LastAccessTime -> (timestamp)

The last time that the table was accessed.

LastAnalyzedTime -> (timestamp)

The last time that column statistics were computed for this table.

Retention -> (integer)

The retention time for this table.

StorageDescriptor -> (structure)

A storage descriptor containing information about the physical storage of this table.

Columns -> (list)

A list of the Columns in the table.

(structure)

A column in a Table .

Name -> (string)

The name of the Column .

Type -> (string)

The data type of the Column .

Comment -> (string)

A free-form text comment.

Parameters -> (map)

These key-value pairs define properties associated with the column.

key -> (string)

value -> (string)

Location -> (string)

The physical location of the table. By default, this takes the form of the warehouse location, followed by the database location in the warehouse, followed by the table name.

InputFormat -> (string)

The input format: SequenceFileInputFormat (binary), or TextInputFormat , or a custom format.

OutputFormat -> (string)

The output format: SequenceFileOutputFormat (binary), or IgnoreKeyTextOutputFormat , or a custom format.

Compressed -> (boolean)

True if the data in the table is compressed, or False if not.
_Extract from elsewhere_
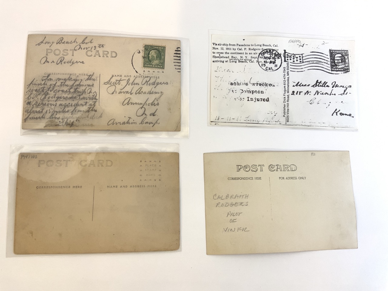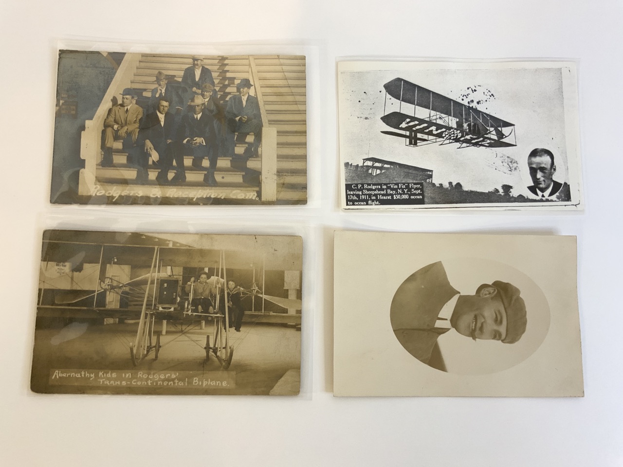 Four (4) C.P. Rodgers postcards. Second from top is a copy (Vin Fiz Flyer). Three are original to period.

NumberOfBuckets -> (integer)

Must be specified if the table contains any dimension columns.

SerdeInfo -> (structure)

The serialization/deserialization (SerDe) information.

Name -> (string)

Name of the SerDe.

SerializationLibrary -> (string)

Usually the class that implements the SerDe. An example is org.apache.hadoop.hive.serde2.columnar.ColumnarSerDe .

Parameters -> (map)

These key-value pairs define initialization parameters for the SerDe.

key -> (string)

value -> (string)

BucketColumns -> (list)

A list of reducer grouping columns, clustering columns, and bucketing columns in the table.

(string)

SortColumns -> (list)

A list specifying the sort order of each bucket in the table.

(structure)

Specifies the sort order of a sorted column.

Column -> (string)

The name of the column.

SortOrder -> (integer)

Indicates that the column is sorted in ascending order (== 1 ), or in descending order (==0 ).

Parameters -> (map)

The user-supplied properties in key-value form.

key -> (string)

value -> (string)

SkewedInfo -> (structure)

The information about values that appear frequently in a column (skewed values).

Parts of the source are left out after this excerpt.